**TASK DATA**
____

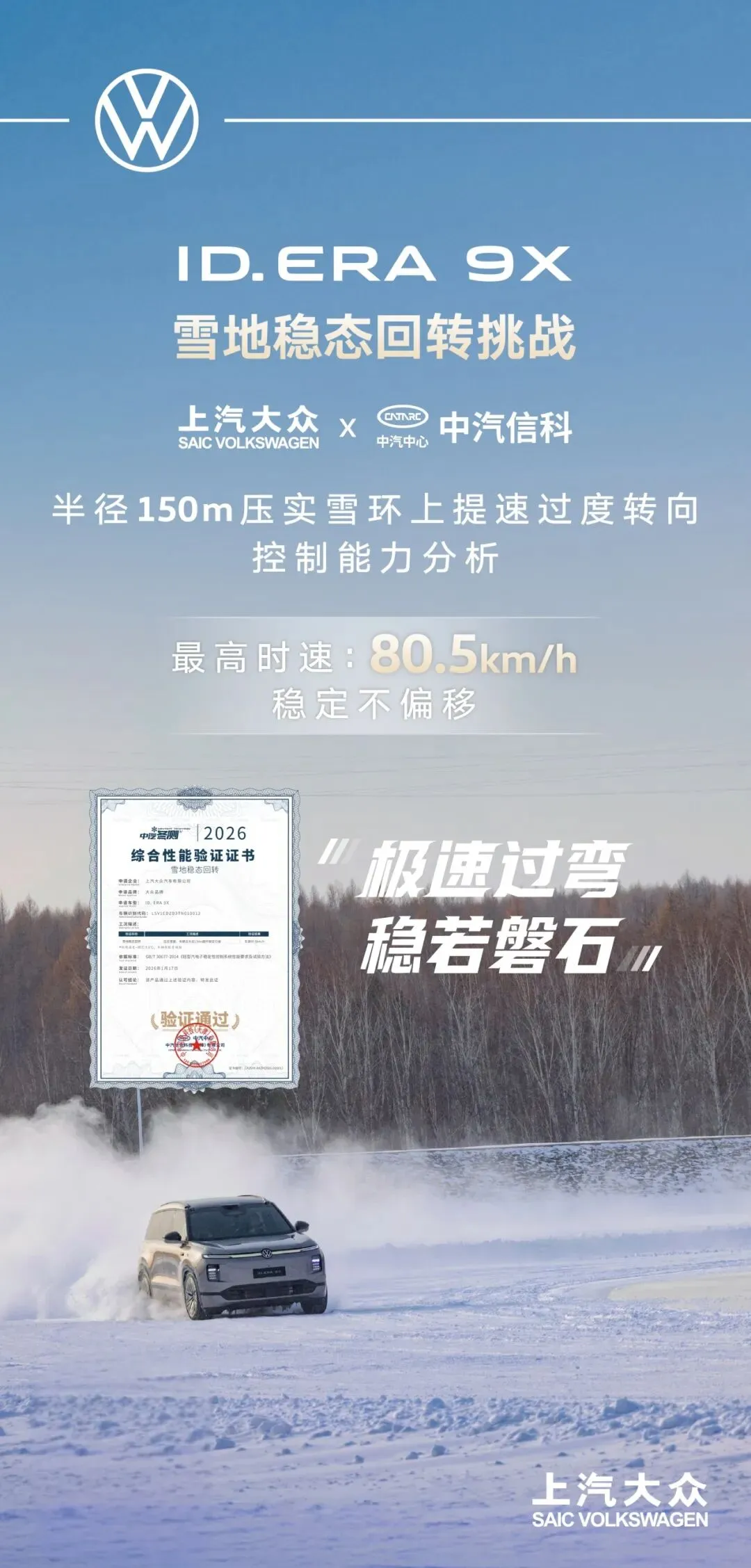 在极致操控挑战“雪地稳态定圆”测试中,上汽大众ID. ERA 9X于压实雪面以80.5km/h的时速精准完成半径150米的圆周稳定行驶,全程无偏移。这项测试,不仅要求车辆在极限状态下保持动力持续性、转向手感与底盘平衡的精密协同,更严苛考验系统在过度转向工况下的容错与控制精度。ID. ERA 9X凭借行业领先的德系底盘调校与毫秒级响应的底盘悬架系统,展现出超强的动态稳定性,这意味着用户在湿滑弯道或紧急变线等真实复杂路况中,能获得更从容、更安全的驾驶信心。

____

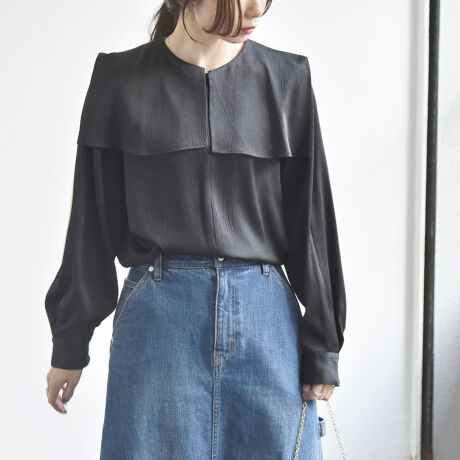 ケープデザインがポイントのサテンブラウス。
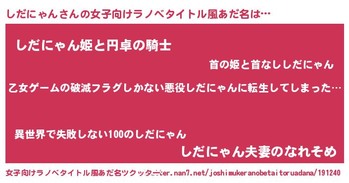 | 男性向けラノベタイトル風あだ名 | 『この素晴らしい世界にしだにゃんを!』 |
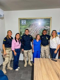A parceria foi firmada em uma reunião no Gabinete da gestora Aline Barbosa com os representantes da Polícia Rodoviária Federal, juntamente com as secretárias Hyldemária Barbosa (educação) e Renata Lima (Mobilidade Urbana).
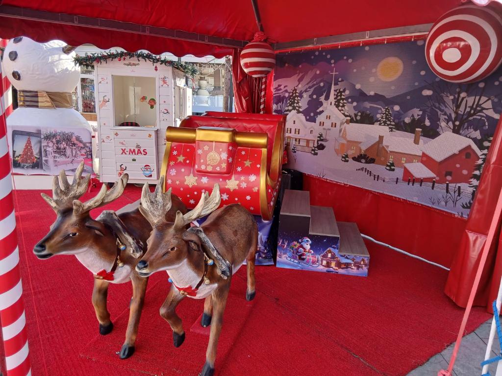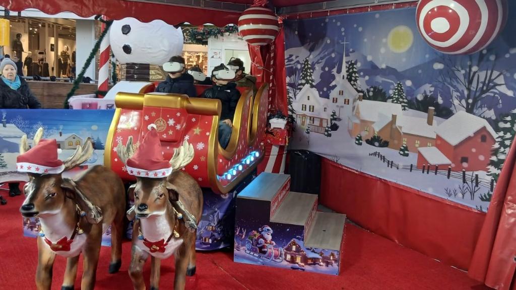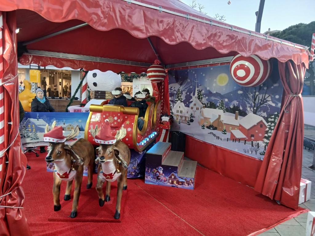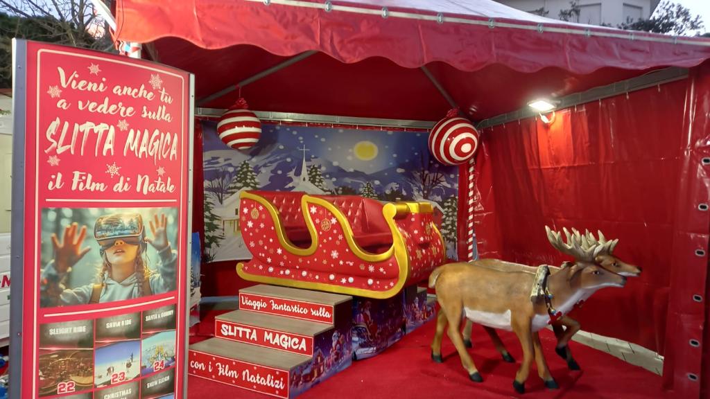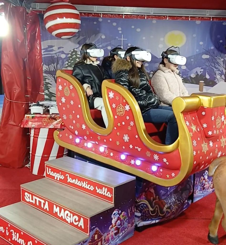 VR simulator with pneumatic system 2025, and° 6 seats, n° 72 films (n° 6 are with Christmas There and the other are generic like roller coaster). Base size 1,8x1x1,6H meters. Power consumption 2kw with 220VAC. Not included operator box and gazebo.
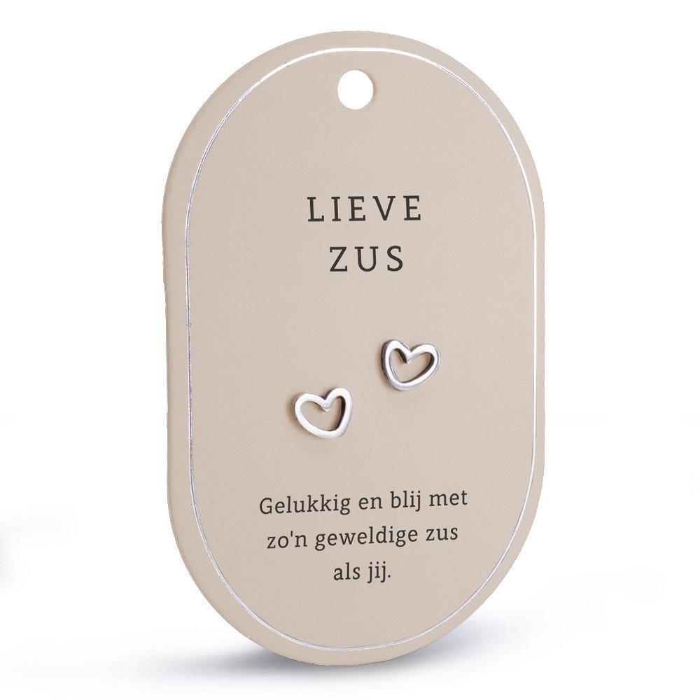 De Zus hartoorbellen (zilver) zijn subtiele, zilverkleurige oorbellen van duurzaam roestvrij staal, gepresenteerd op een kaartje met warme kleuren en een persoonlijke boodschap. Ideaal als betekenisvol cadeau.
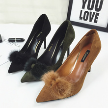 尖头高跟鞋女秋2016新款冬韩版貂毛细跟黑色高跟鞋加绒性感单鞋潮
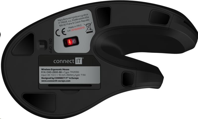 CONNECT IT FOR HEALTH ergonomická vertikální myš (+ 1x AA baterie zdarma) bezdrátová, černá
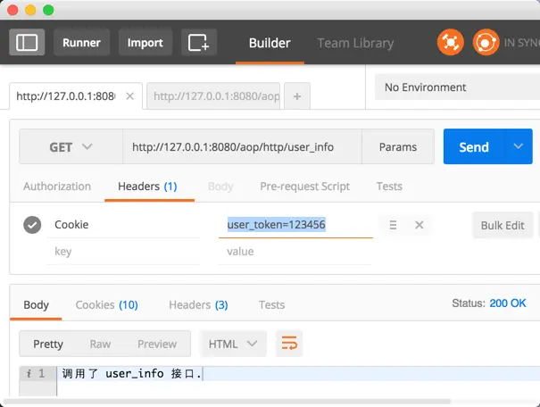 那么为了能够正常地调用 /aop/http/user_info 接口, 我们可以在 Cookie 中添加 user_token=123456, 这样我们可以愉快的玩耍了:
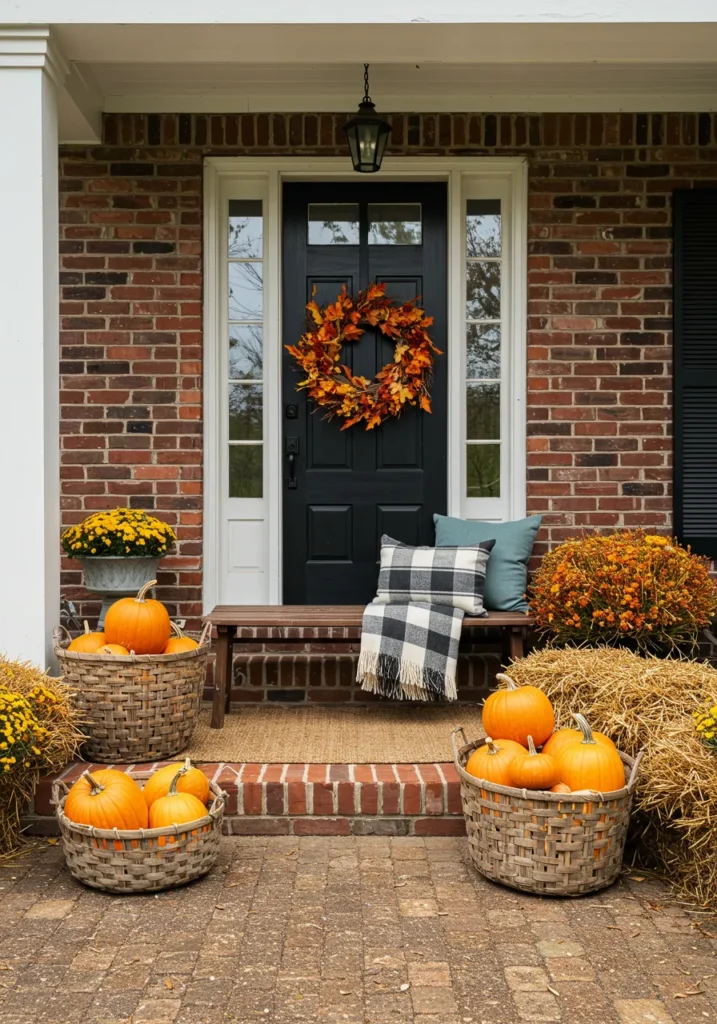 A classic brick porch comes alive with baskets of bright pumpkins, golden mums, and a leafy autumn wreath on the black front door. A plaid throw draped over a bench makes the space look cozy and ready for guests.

____

**DIRECTIONS FOR THIS TASK**
Reproduce, exactly and only, the lines of the records above starting at the line with "男性向けラノベタイトル風あだ名 | 『この素晴らしい世界にしだにゃんを!』 |" and ending at the line with "A classic brick", both included. Leave every picture out.

**TASK RESPONSE**
 | 男性向けラノベタイトル風あだ名 | 『この素晴らしい世界にしだにゃんを!』 |
A parceria foi firmada em uma reunião no Gabinete da gestora Aline Barbosa com os representantes da Polícia Rodoviária Federal, juntamente com as secretárias Hyldemária Barbosa (educação) e Renata Lima (Mobilidade Urbana).
 VR simulator with pneumatic system 2025, and° 6 seats, n° 72 films (n° 6 are with Christmas There and the other are generic like roller coaster). Base size 1,8x1x1,6H meters. Power consumption 2kw with 220VAC. Not included operator box and gazebo.
 De Zus hartoorbellen (zilver) zijn subtiele, zilverkleurige oorbellen van duurzaam roestvrij staal, gepresenteerd op een kaartje met warme kleuren en een persoonlijke boodschap. Ideaal als betekenisvol cadeau.
 尖头高跟鞋女秋2016新款冬韩版貂毛细跟黑色高跟鞋加绒性感单鞋潮
 CONNECT IT FOR HEALTH ergonomická vertikální myš (+ 1x AA baterie zdarma) bezdrátová, černá
 那么为了能够正常地调用 /aop/http/user_info 接口, 我们可以在 Cookie 中添加 user_token=123456, 这样我们可以愉快的玩耍了:
 A classic brick porch comes alive with baskets of bright pumpkins, golden mums, and a leafy autumn wreath on the black front door. A plaid throw draped over a bench makes the space look cozy and ready for guests.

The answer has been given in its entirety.